- Work to complete
Without the pictures, print the lines from the one holding "从群众诉求情况来看,疫情防控" through the last line below, both included, exactly as they stand.

╭─ Records for the exercise

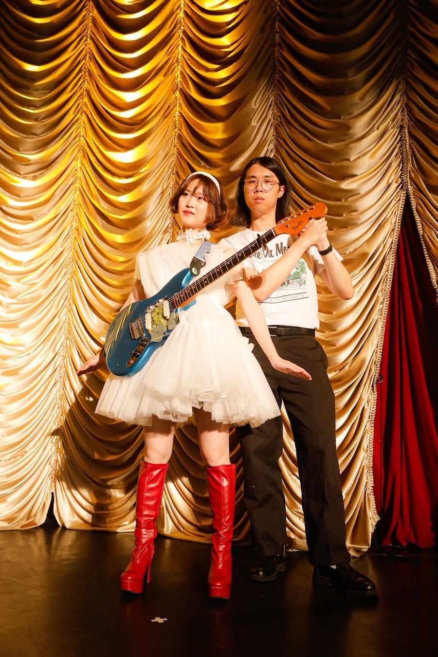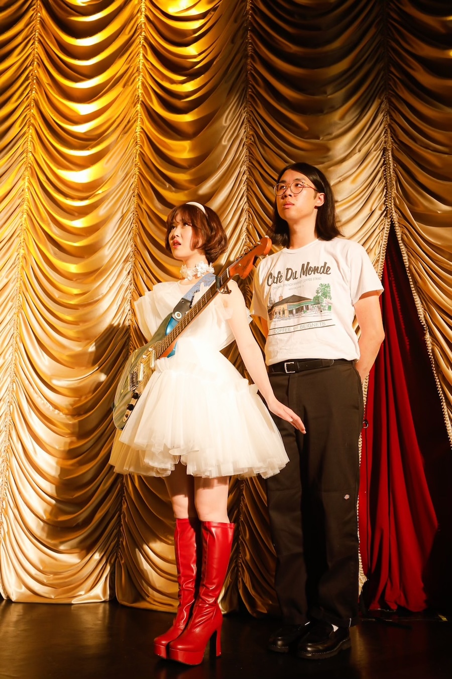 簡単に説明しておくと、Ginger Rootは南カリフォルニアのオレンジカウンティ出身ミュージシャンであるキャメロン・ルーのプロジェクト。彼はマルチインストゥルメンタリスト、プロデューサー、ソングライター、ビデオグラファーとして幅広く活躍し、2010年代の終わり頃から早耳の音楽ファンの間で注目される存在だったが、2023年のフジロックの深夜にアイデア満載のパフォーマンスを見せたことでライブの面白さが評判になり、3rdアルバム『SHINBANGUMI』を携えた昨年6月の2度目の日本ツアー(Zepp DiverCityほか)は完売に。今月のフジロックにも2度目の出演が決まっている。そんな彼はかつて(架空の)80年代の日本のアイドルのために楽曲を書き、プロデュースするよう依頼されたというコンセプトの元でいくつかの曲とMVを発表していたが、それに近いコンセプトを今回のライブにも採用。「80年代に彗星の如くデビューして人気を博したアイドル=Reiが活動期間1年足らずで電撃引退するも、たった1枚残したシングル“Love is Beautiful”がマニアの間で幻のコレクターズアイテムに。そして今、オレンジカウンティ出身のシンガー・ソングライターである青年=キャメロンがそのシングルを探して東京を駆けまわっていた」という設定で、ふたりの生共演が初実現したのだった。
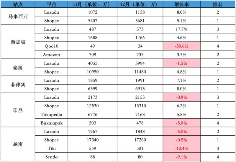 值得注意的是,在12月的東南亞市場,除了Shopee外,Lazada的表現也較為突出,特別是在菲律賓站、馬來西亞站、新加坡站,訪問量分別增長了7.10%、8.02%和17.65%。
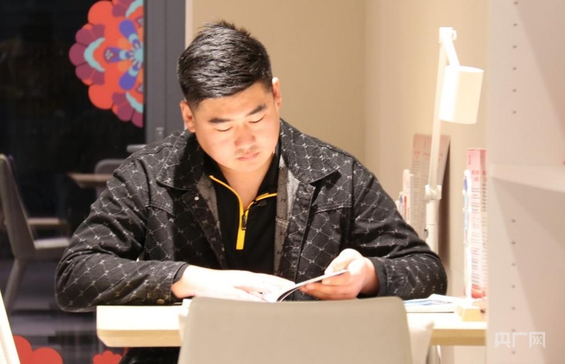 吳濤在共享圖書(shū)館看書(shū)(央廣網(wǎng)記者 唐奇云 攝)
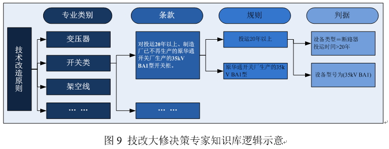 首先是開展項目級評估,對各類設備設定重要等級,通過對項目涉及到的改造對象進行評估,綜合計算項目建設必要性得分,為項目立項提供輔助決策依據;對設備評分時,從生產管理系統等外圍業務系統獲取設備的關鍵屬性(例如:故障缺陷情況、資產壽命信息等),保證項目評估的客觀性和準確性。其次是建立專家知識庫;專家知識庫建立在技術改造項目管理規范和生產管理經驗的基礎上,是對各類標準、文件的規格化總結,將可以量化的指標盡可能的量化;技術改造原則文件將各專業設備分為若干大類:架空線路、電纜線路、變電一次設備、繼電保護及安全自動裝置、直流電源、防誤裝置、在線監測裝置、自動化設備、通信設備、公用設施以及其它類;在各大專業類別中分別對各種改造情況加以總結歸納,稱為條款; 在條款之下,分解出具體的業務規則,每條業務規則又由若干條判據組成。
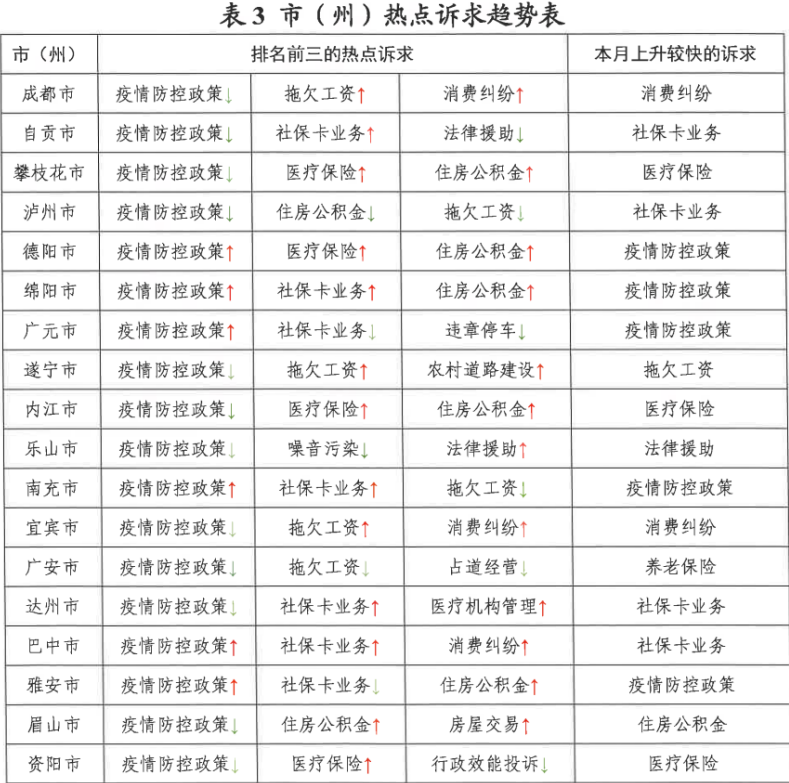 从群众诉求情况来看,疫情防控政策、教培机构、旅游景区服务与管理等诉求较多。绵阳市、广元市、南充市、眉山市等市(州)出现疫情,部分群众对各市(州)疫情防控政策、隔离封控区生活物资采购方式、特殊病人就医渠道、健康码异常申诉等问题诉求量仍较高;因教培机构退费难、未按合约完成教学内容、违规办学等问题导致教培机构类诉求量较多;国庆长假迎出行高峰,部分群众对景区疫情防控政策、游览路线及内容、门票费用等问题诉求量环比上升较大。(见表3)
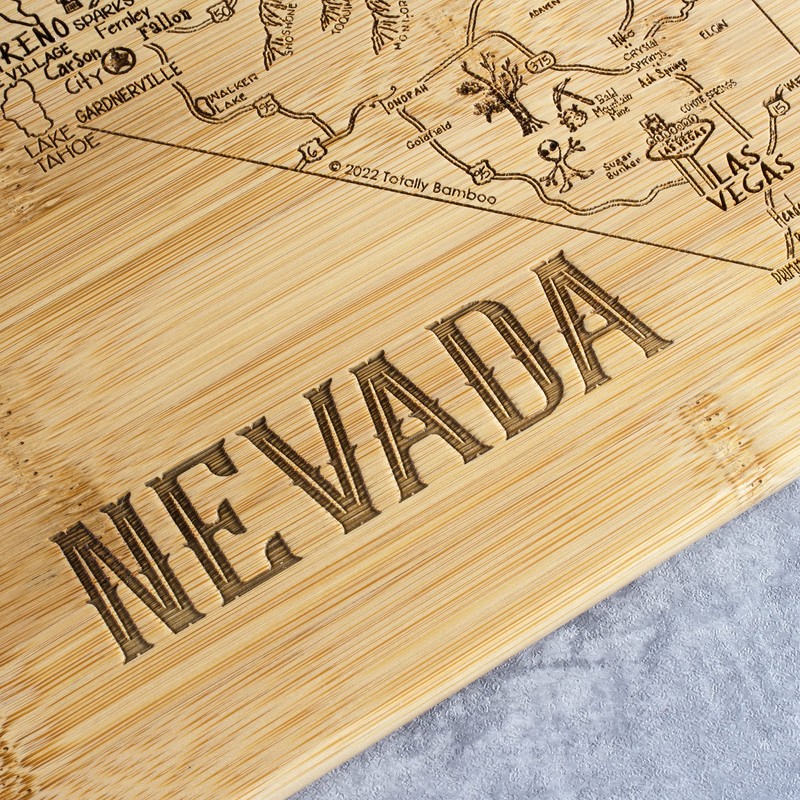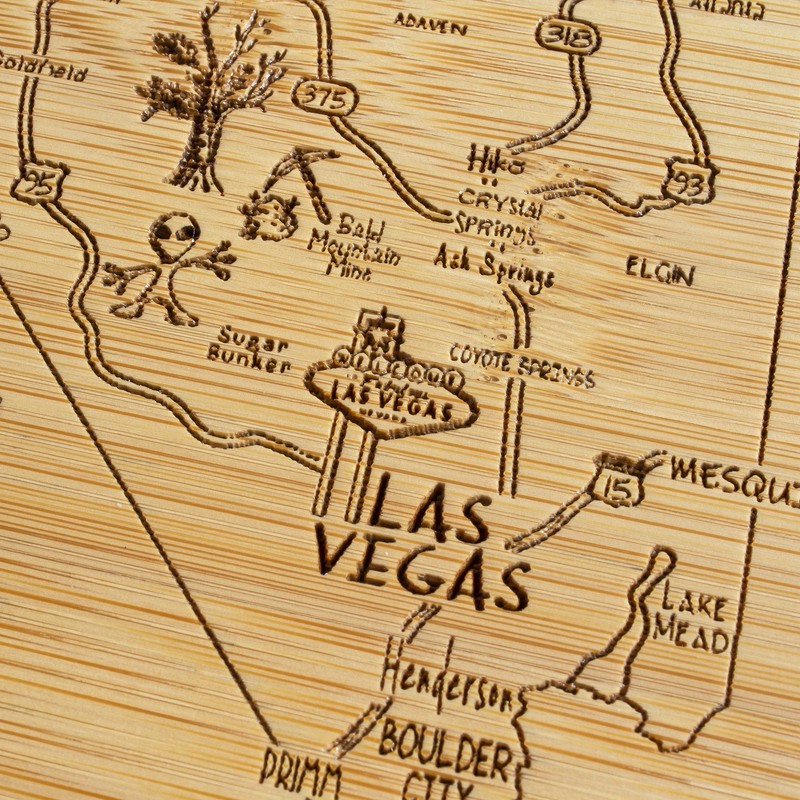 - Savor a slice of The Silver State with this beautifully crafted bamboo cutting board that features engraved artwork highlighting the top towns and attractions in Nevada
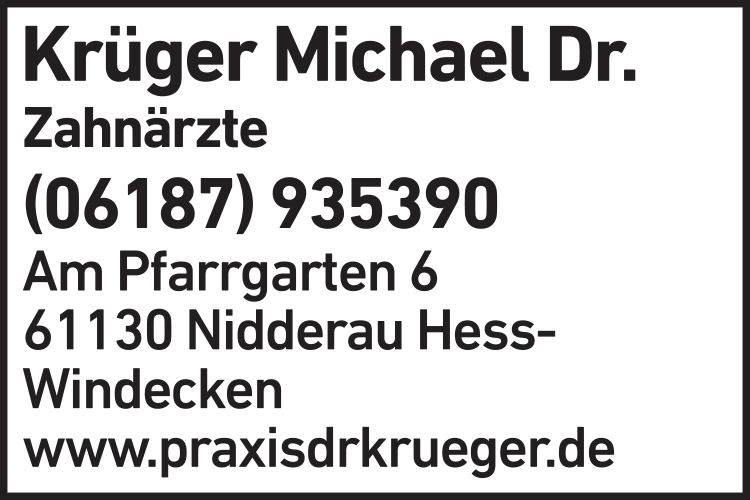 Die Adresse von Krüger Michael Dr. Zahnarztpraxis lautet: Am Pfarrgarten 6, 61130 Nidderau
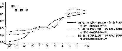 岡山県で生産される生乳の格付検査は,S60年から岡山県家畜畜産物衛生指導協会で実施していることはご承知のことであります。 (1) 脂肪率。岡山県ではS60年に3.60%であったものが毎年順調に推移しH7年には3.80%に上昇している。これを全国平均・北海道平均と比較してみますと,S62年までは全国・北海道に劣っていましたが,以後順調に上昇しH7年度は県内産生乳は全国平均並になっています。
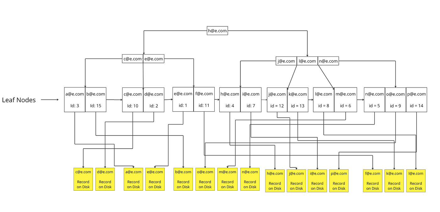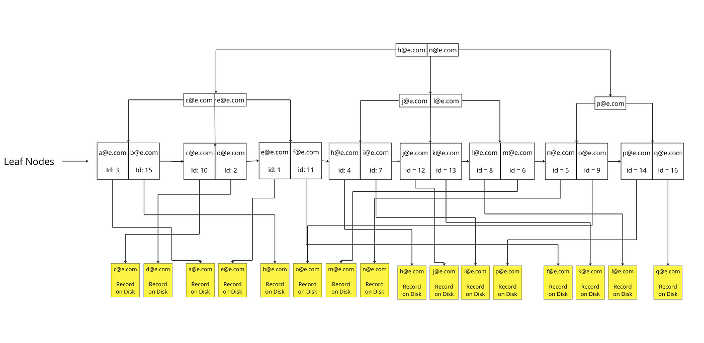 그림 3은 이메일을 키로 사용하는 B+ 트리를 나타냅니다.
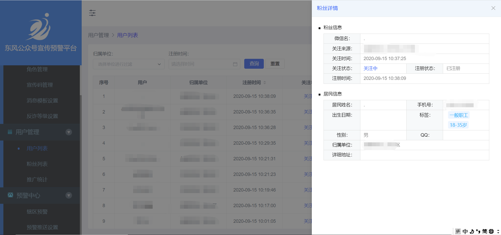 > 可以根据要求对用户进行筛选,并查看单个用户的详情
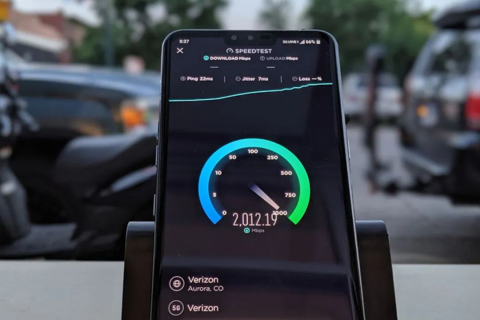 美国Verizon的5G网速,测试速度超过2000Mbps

╰─

- Result of the task
 从群众诉求情况来看,疫情防控政策、教培机构、旅游景区服务与管理等诉求较多。绵阳市、广元市、南充市、眉山市等市(州)出现疫情,部分群众对各市(州)疫情防控政策、隔离封控区生活物资采购方式、特殊病人就医渠道、健康码异常申诉等问题诉求量仍较高;因教培机构退费难、未按合约完成教学内容、违规办学等问题导致教培机构类诉求量较多;国庆长假迎出行高峰,部分群众对景区疫情防控政策、游览路线及内容、门票费用等问题诉求量环比上升较大。(见表3)
 - Savor a slice of The Silver State with this beautifully crafted bamboo cutting board that features engraved artwork highlighting the top towns and attractions in Nevada
 Die Adresse von Krüger Michael Dr. Zahnarztpraxis lautet: Am Pfarrgarten 6, 61130 Nidderau
 岡山県で生産される生乳の格付検査は,S60年から岡山県家畜畜産物衛生指導協会で実施していることはご承知のことであります。 (1) 脂肪率。岡山県ではS60年に3.60%であったものが毎年順調に推移しH7年には3.80%に上昇している。これを全国平均・北海道平均と比較してみますと,S62年までは全国・北海道に劣っていましたが,以後順調に上昇しH7年度は県内産生乳は全国平均並になっています。
 그림 3은 이메일을 키로 사용하는 B+ 트리를 나타냅니다.
 > 可以根据要求对用户进行筛选,并查看单个用户的详情
 美国Verizon的5G网速,测试速度超过2000Mbps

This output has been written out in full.